This whole statement is full of lies and bullshit but I wanted to pull this one out. That does not, in fact, seem to have been the ambition. The ambition was to more or less sell the company to the Saudis.

I understand that the worst part of the statement is his acting like layoffs are just a thing that happen and that happen to everyone in the company while his job and the jobs of his cronies are safe (and they've extracted enough cash they don't even need those jobs) but other people's lives are upended because they're just figures on a computer screen to him.

But to me almost is bad is all the lying. A lot of people were questioning the long term planning of Embracer Group while all this was happening. We were confused as to how they expected to make money off all these AA games (which is mostly what they make) while everyone else was exiting this business. We wondered if they had some secret sauce of keeping costs down or finding an underserved marketing niche or whatever.

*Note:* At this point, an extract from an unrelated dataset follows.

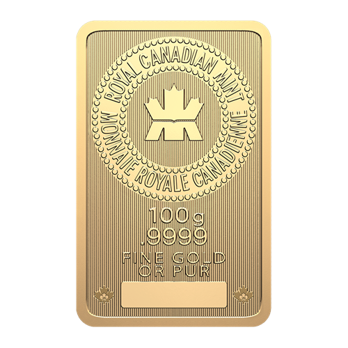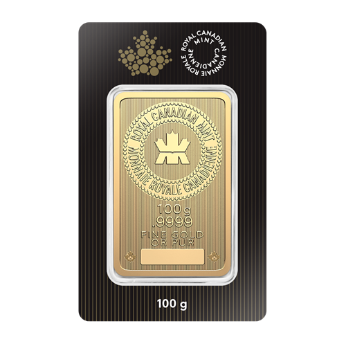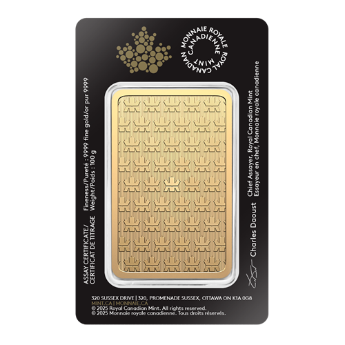 The Royal Canadian Mint’s new one-hundred gram gold bar includes the latest, most advanced security enhancements. Expect the same unsurpassed quality and guaranteed craftsmanship as other Royal Canadian Mint bars, including a market-leading purity (.9999 fine) that is a testament to the Mint’s world-famous minting and refining capabilities.

And they (meaning the talented people getting laid off, not the worthless executives) did put out some pretty good products, including remakes like the Destroy all Humans games and Battle for Bikini Bottom. I was actually excited to see that someone had cracked the AA formula again (to be fair companies like Annapurna and Focus Entertainment actually seem to have done so.)

And they hadn't. It was a house of cards designed to appeal to the House of Saud. And here's this guy just spouting a bunch of lies about how they were focused on organic growth blah blah blah and overinvestment happened and it's all so passive and...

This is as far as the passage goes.